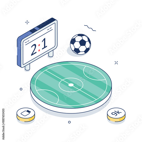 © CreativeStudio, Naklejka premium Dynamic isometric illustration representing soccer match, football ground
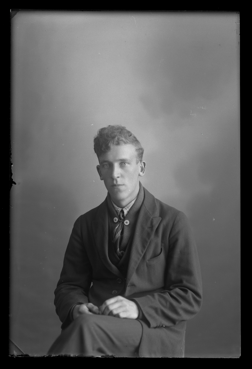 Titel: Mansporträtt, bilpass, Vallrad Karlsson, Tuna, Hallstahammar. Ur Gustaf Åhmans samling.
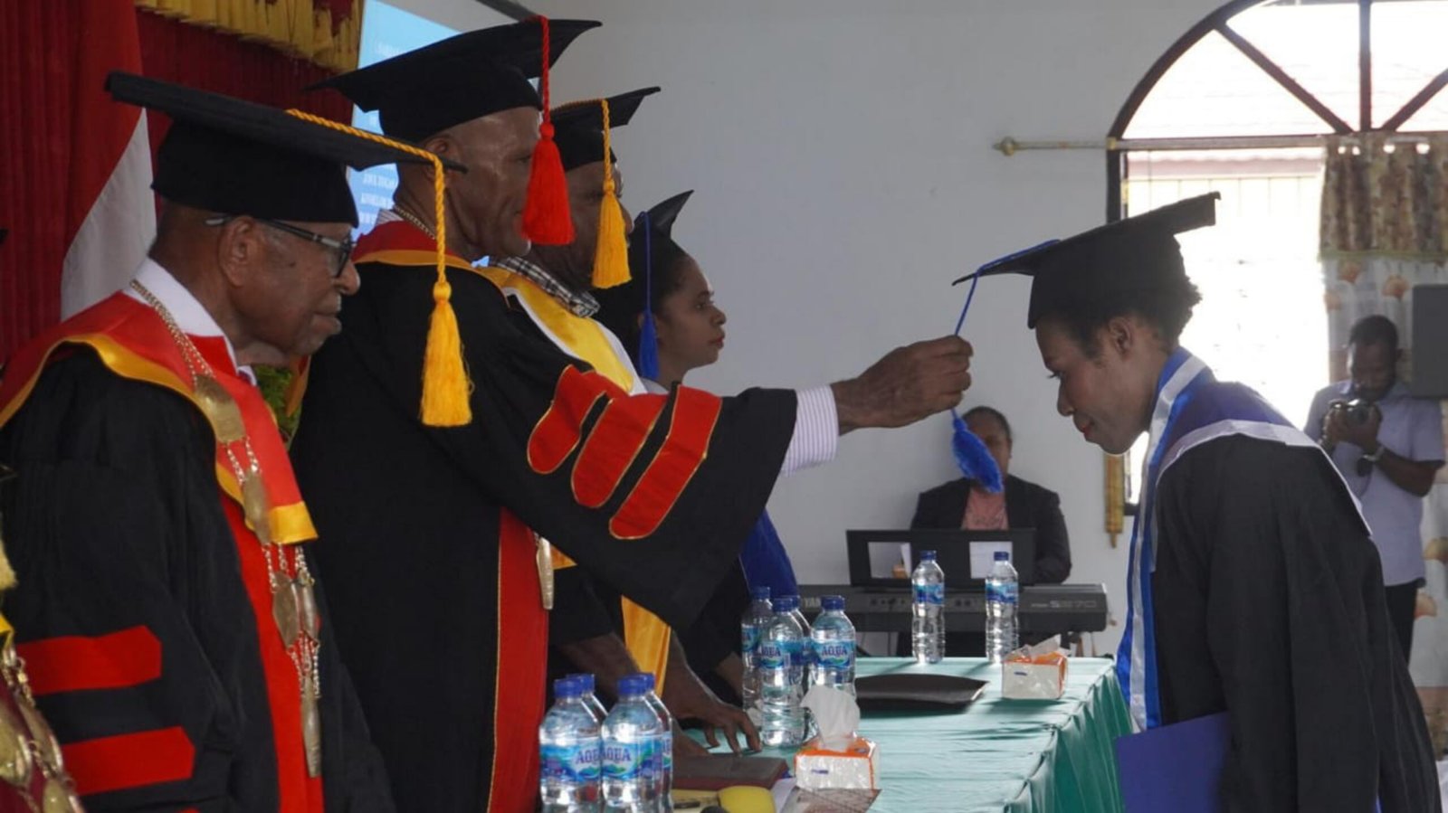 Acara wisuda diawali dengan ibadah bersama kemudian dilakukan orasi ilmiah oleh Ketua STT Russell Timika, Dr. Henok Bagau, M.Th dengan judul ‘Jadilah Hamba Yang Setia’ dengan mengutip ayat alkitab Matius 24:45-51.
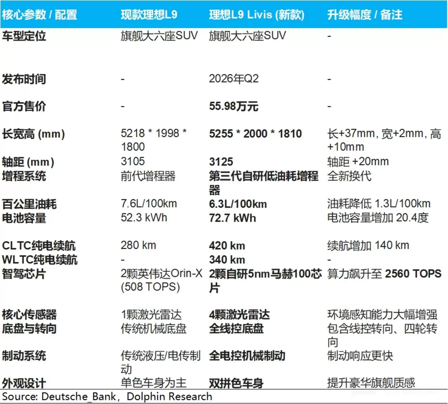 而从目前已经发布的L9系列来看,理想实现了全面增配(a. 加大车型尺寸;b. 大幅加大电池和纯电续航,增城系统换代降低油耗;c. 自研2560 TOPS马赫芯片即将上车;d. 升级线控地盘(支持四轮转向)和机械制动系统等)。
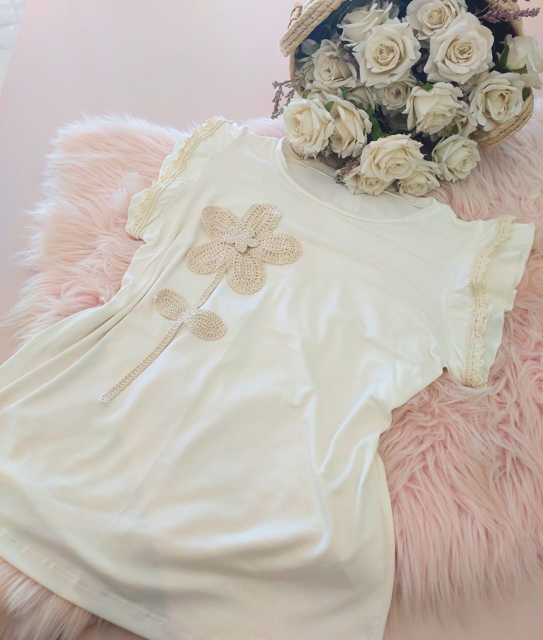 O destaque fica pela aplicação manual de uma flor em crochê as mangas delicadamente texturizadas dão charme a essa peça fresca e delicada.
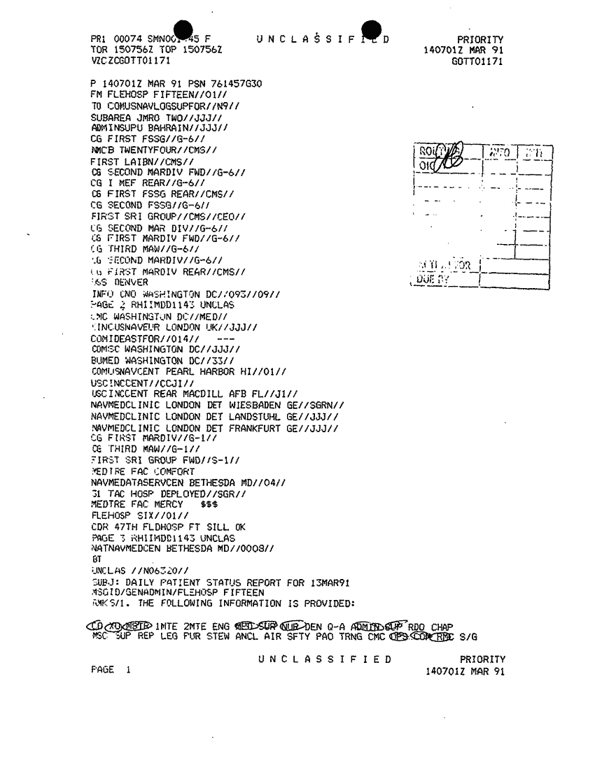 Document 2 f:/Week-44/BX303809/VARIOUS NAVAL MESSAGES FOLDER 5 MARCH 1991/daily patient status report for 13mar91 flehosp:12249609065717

(WHAT THE TASK REQUIRES): Restate all of the material above word for word. Pictures do not belong in it.

(SOLUTION):
 © CreativeStudio, Naklejka premium Dynamic isometric illustration representing soccer match, football ground
 Titel: Mansporträtt, bilpass, Vallrad Karlsson, Tuna, Hallstahammar. Ur Gustaf Åhmans samling.
 Acara wisuda diawali dengan ibadah bersama kemudian dilakukan orasi ilmiah oleh Ketua STT Russell Timika, Dr. Henok Bagau, M.Th dengan judul ‘Jadilah Hamba Yang Setia’ dengan mengutip ayat alkitab Matius 24:45-51.
 而从目前已经发布的L9系列来看,理想实现了全面增配(a. 加大车型尺寸;b. 大幅加大电池和纯电续航,增城系统换代降低油耗;c. 自研2560 TOPS马赫芯片即将上车;d. 升级线控地盘(支持四轮转向)和机械制动系统等)。
 O destaque fica pela aplicação manual de uma flor em crochê as mangas delicadamente texturizadas dão charme a essa peça fresca e delicada.
 Document 2 f:/Week-44/BX303809/VARIOUS NAVAL MESSAGES FOLDER 5 MARCH 1991/daily patient status report for 13mar91 flehosp:12249609065717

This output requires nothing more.